What is expected => All lines from the one that contains "Step into a" to the end of the data must be retyped exactly. Pictures are not retyped.

Data provided =>
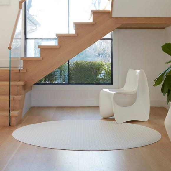 The Chilewich rug is made using a backing of slip resistant latex. Therefore the rug will not only feel comfy underfoot, but no rug pad is required.
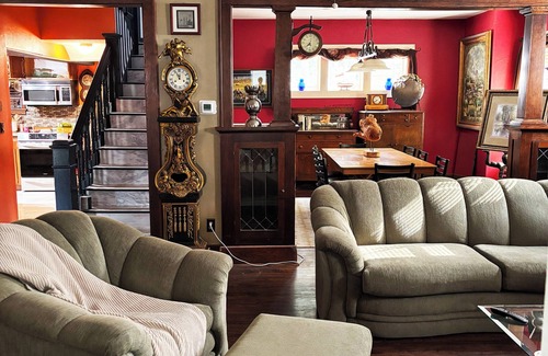 Step into a unique getaway where old-fashioned charm meets vibrant style. This historic home boasts hardwood floors and stately colonnades, mixed with an inviting blend of unique wallpaper and bold colors that make every room feel unforgettable. Furnished for comfort, each space invites you to relax - whether you’re sharing meals in the dining area or enjoying a quiet morning coffee outside on the private patio. a short 6 block walk takes you to shopping, dining and the scenic missouri river!
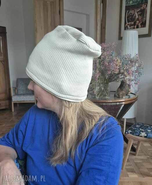 handmade czapka ecru rozmiar uniwersalny na podszewce dobra na codzienne noszenie boks

Written solution =>
 Step into a unique getaway where old-fashioned charm meets vibrant style. This historic home boasts hardwood floors and stately colonnades, mixed with an inviting blend of unique wallpaper and bold colors that make every room feel unforgettable. Furnished for comfort, each space invites you to relax - whether you’re sharing meals in the dining area or enjoying a quiet morning coffee outside on the private patio. a short 6 block walk takes you to shopping, dining and the scenic missouri river!
 handmade czapka ecru rozmiar uniwersalny na podszewce dobra na codzienne noszenie boks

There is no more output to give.